- **Problem description**
All pictures should be dropped, and only the lines from the top of the entries below through the line containing "27일 경기도 수원KT위즈파크에서" repeated exactly, both ends included.

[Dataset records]
┌──

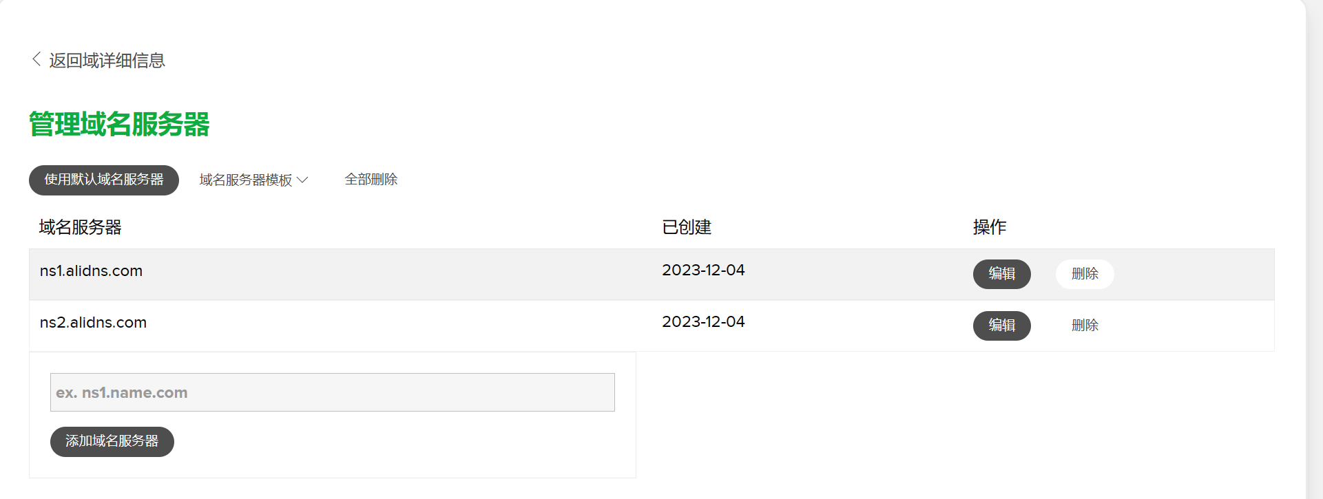 修改域名所在的域名服务器,比如我买的域名是NAME的,添加两条阿里的解析域名,生效时间要看域名供应商一般30分钟左右就可以更改成功了。
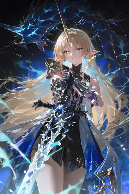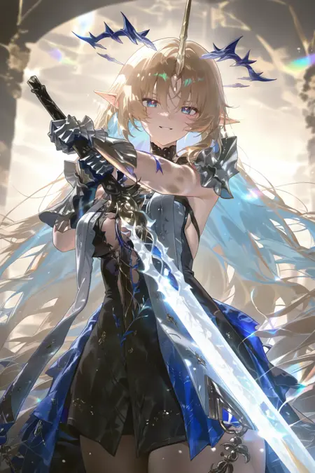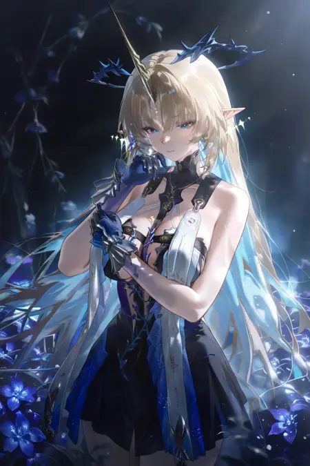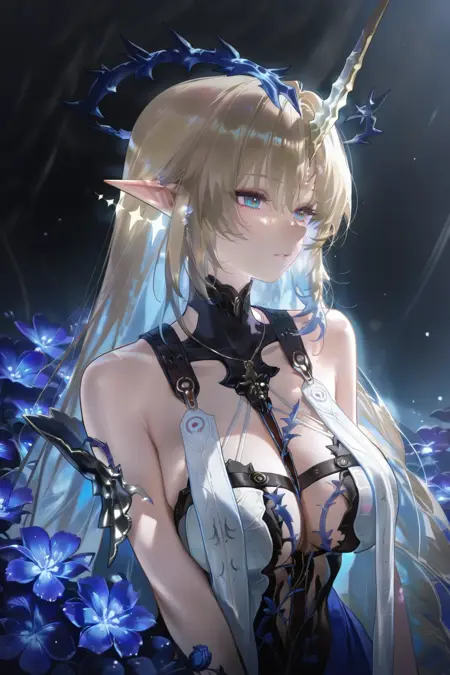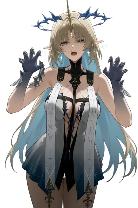 플뢰르델리스 (Wuthering Waves), 1girl, 파란 눈, 금발, 솔로, 노란 단일 뿔, 뾰족한 귀, 긴 머리, 환상, 어깨 노출, 보석, 드레스, 귀걸이, 빛나는 얼굴 무늬, 가시 왕관
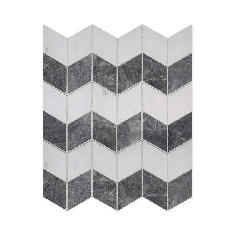 Bianco Carrara Polished Zig-zag Marble Look Porcelain Mosaic (MYS)
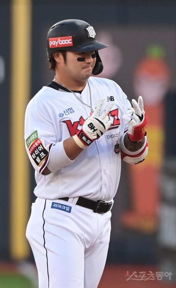 27일 경기도 수원KT위즈파크에서 열린 ‘2022 신한은행 SOL KBO리그’ KT 위즈와 키움 히어로즈의 경기에서 1회말 2사 1루 KT 박병호가 중전 안타를 친 후 세리머니를 하고 있다.
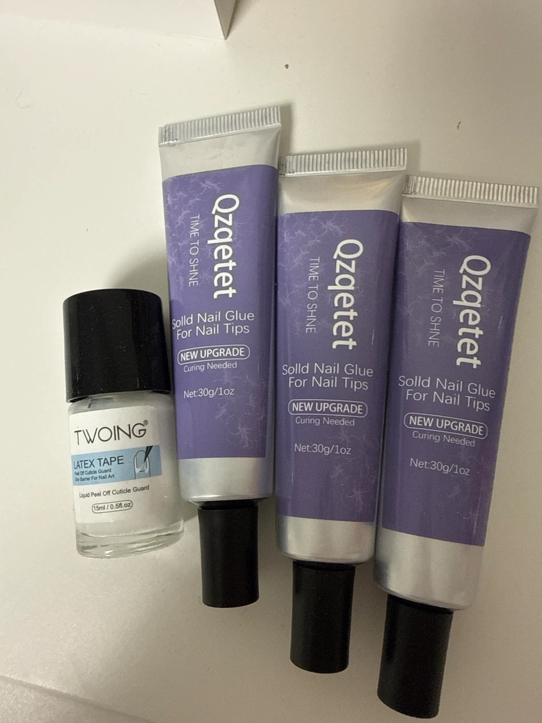 Three tubes of Qzqetet Solid Nail Glue for Nail Tips, each 30g/1oz. Includes one TWOING Latex Tape Liquid Peel Off Cuticle Guard, 15ml/0.5fl.oz. Great for nail art applications!

└──

- **Problem solution**
 修改域名所在的域名服务器,比如我买的域名是NAME的,添加两条阿里的解析域名,生效时间要看域名供应商一般30分钟左右就可以更改成功了。
 플뢰르델리스 (Wuthering Waves), 1girl, 파란 눈, 금발, 솔로, 노란 단일 뿔, 뾰족한 귀, 긴 머리, 환상, 어깨 노출, 보석, 드레스, 귀걸이, 빛나는 얼굴 무늬, 가시 왕관
 Bianco Carrara Polished Zig-zag Marble Look Porcelain Mosaic (MYS)
 27일 경기도 수원KT위즈파크에서 열린 ‘2022 신한은행 SOL KBO리그’ KT 위즈와 키움 히어로즈의 경기에서 1회말 2사 1루 KT 박병호가 중전 안타를 친 후 세리머니를 하고 있다.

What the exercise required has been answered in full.